Personal information
- Full name: Peter Friis Jensen
- Date of birth: May 2, 1988 (age 37)
- Place of birth: Denmark
- Height: 1.89 m (6 ft 2 in)
- Position: Goalkeeper

Youth career
- IF Midtdjurs
- Randers

Senior career*
- Years: Team / Apps / (Gls)
- 2008–2014: Randers / 29 / (0)
- 2014–2017: Viborg / 93 / (1)
- 2017–2019: Silkeborg / 22 / (0)
- 2019–2021: Vendsyssel / 31 / (0)

= Peter Friis Jensen =

Danish footballer (born 1988)

Peter Friis Jensen (born 2 May 1988) is a Danish retired professional footballer who played as a goalkeeper.

==Club career==
===Randers===
Friis is a product of Randers FC, and has played for the team in the most of his youth career. He got his contract extended in June 2007 and signed his first professional contract the following summer. Friis didn't play any games for the first team in this season, but was on the bench for the last two games of the season.

His contract was extended once again after the 2008/09 season until 1 January 2010. Friis was in negotiations with Viborg in November about a new contract, but due to the financial crisis, they couldn't offer him as much as he wanted, even if they wanted to. So his contract expired but 28 days later, he signed a new contract with the club for 6 months. Friis' contract was extended once again after the 6 months, this time until 2012. He played his first game for Randers on 25 August 2010 in a Danish Cup game against VSK Aarhus, which they won 4–1. The first choice, David Ousted, got injured with 4 league games left. Friis played the last 4 games and did very well. In the beginning of the 2012/13, Friis got injured and was operated in his knee. Friis wanted to be the first choice and he considered a move away. He didn't play a single game in the 2012/13 season.

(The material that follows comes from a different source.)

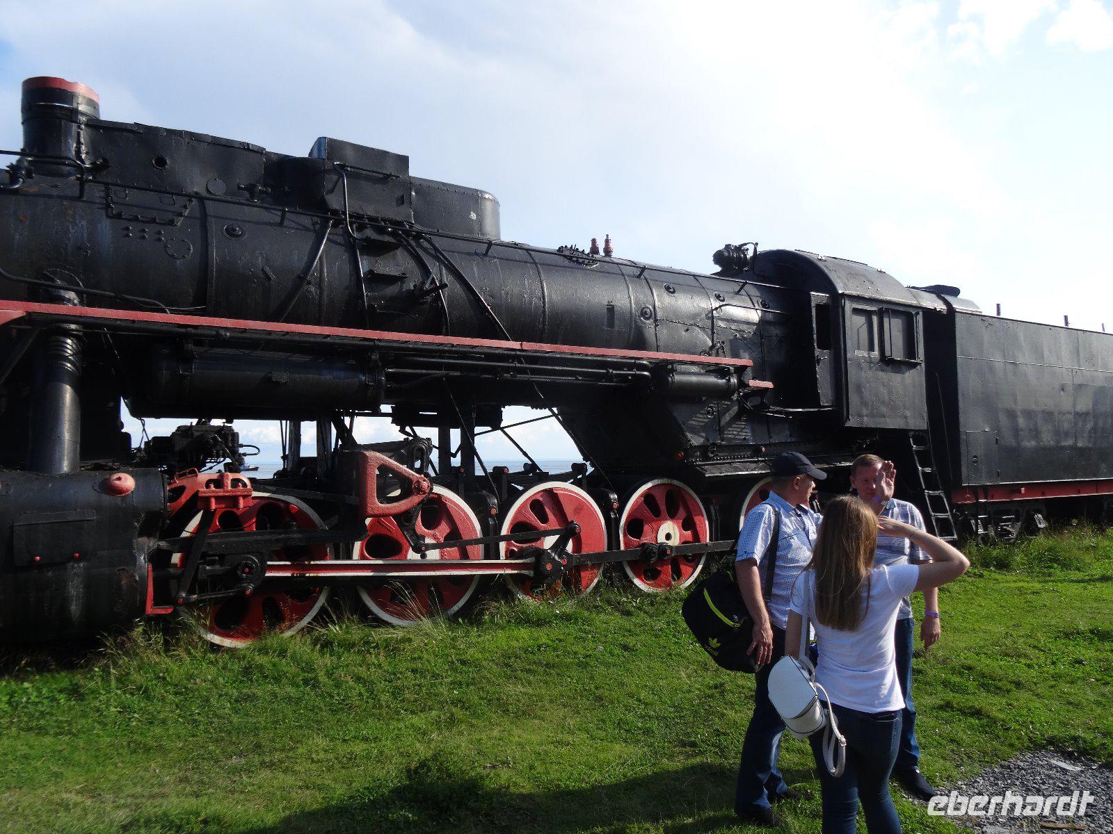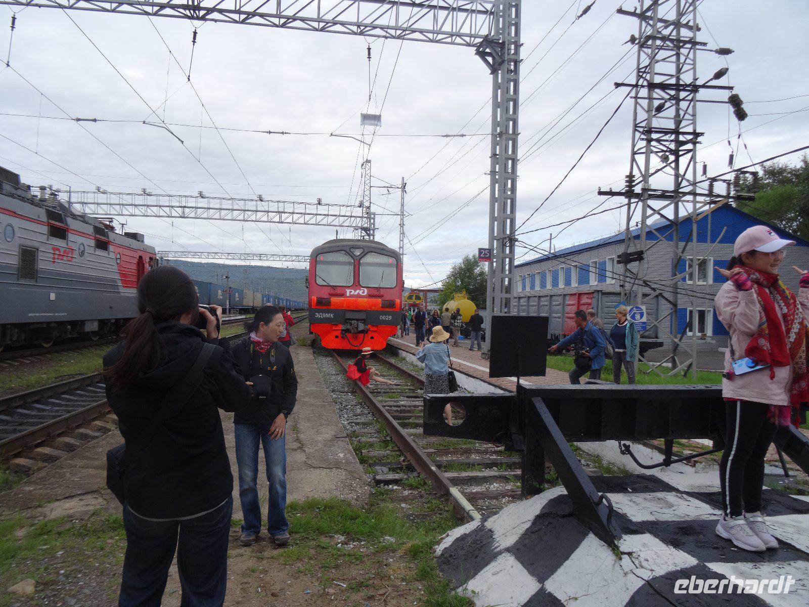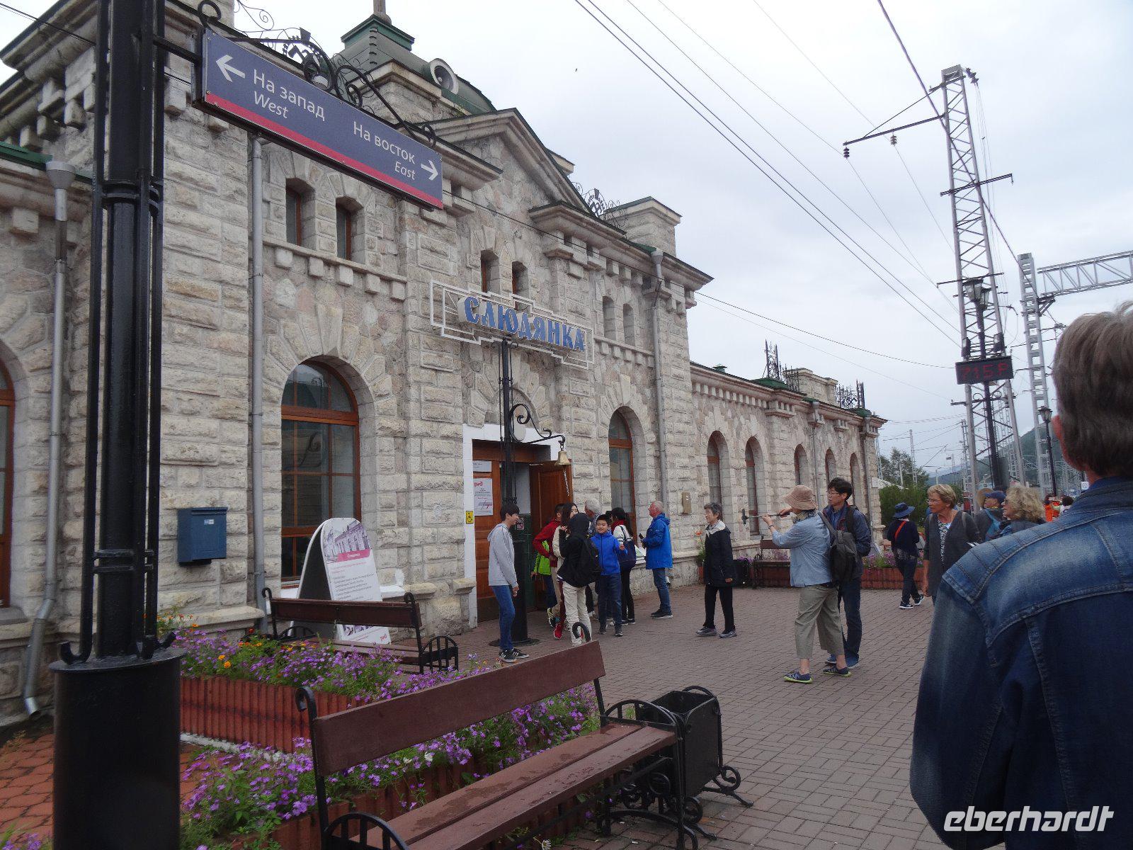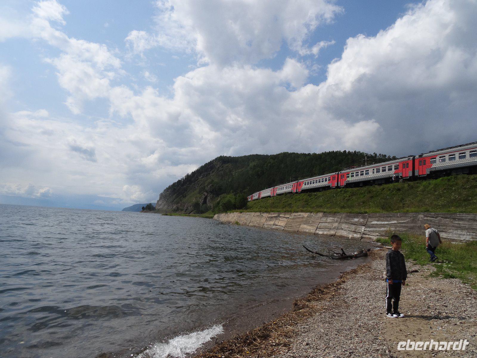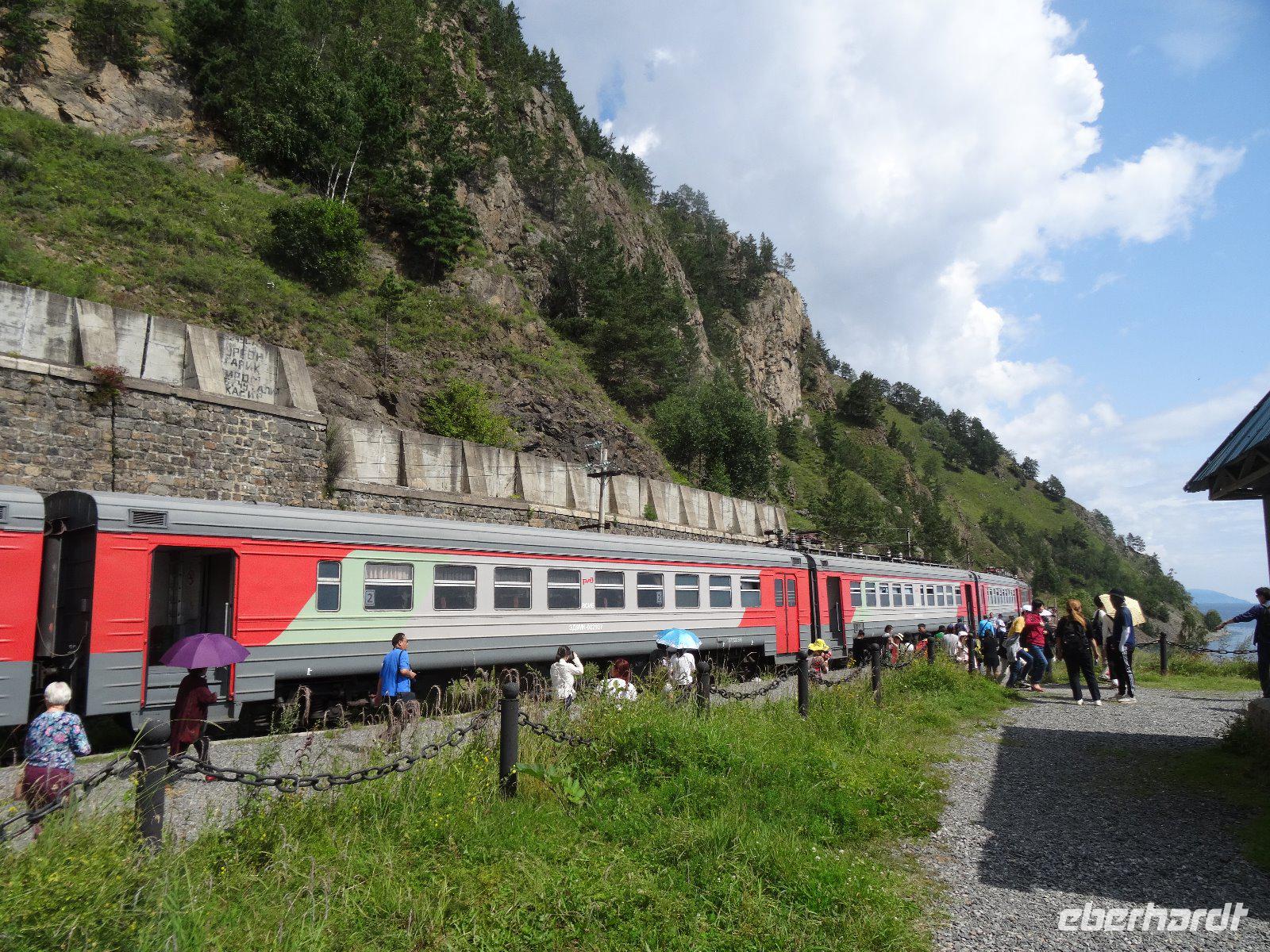 7:00 verabschieden wir uns vom Hotel und fahren zum Bahnhof. Mit dem Krugobaikalski-Express geht es nun Richtung Baikalsee. Die alte Strecke der Transsib nutzt der Zug und wir fahren mit mehreren Stopps ein Stück am Südufer des Sees entlang. Der 84 km lange Streckenabschnitt hat nur noch eine lokale bzw. touristische Bedeutung. Durch den Bau des Wasserkraftwerkes in Irkutsk wurde der ursprüngliche Streckenverlauf überflutet und aktuell führt die Transsib nun direkt nach Süden bis Sljudjanka und am Südufer weiter.

Friis was on the bench for the first 10 games of the season in the following season, but played the rest of the league games.

===Viborg===
On 16 July 2014 Viborg FF announced, that they had signed Friis from Randers. After Viborg was relegated to the Danish 1st Division for the 2017/18 season, he left the club together with 5 teammates.

===Silkeborg===
Friis signed a two-year contract with Danish Superliga club Silkeborg IF.

===Vendsyssel===
On 8 July 2019, Friis signed with Vendsyssel FF. On 22 August 2021, 33-year old Friis confirmed, that he had been forced to retire due to persistent knee problems.